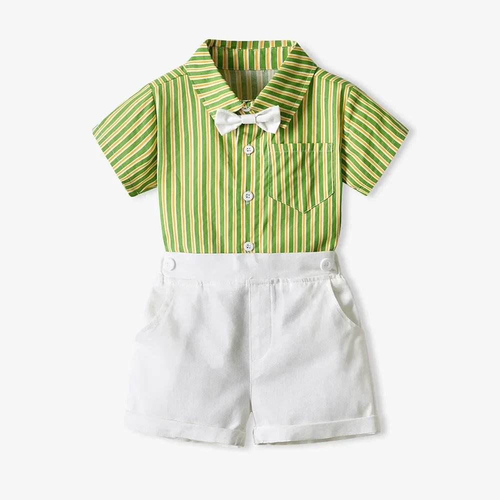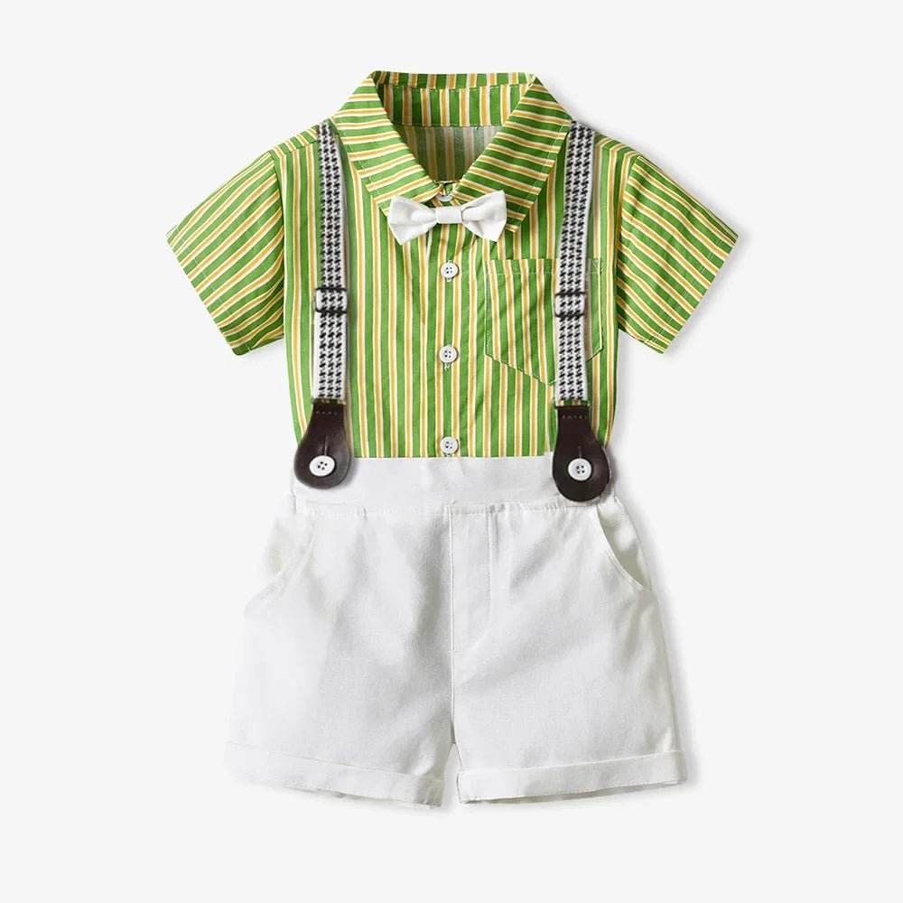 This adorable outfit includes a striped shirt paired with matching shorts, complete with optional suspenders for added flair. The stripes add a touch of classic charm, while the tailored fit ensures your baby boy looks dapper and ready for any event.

--

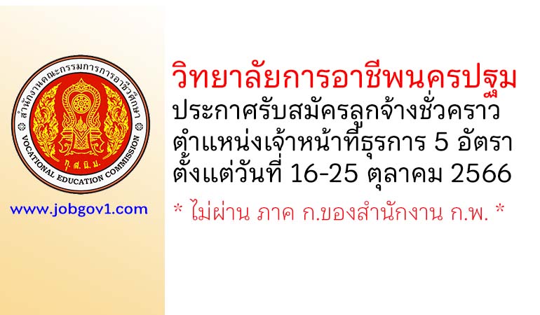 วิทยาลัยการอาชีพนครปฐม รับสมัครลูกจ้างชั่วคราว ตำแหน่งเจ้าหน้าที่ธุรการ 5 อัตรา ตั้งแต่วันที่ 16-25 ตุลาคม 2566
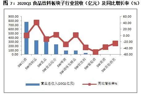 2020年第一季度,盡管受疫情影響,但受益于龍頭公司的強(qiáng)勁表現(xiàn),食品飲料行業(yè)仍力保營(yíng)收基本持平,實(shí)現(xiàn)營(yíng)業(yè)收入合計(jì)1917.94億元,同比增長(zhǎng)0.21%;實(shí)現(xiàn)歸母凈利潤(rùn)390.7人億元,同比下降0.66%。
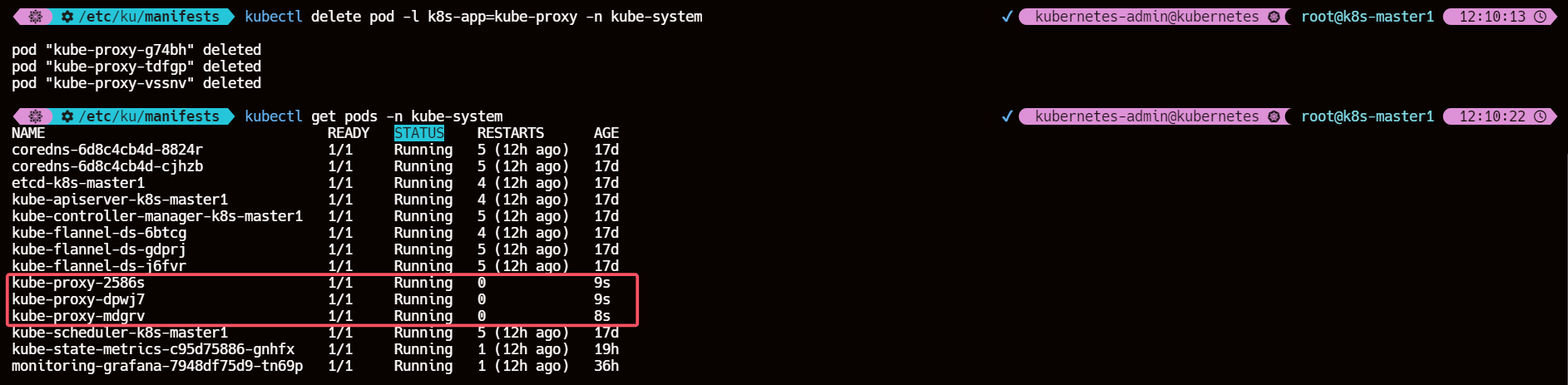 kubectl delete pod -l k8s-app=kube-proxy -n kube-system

• **Task details**
Exact copy, pictures excluded: every line above from the one containing "2020年第一季度,盡管受疫" to the one containing "kubectl delete pod", inclusive, and nothing more.

• **Reply**
 2020年第一季度,盡管受疫情影響,但受益于龍頭公司的強(qiáng)勁表現(xiàn),食品飲料行業(yè)仍力保營(yíng)收基本持平,實(shí)現(xiàn)營(yíng)業(yè)收入合計(jì)1917.94億元,同比增長(zhǎng)0.21%;實(shí)現(xiàn)歸母凈利潤(rùn)390.7人億元,同比下降0.66%。
 kubectl delete pod -l k8s-app=kube-proxy -n kube-system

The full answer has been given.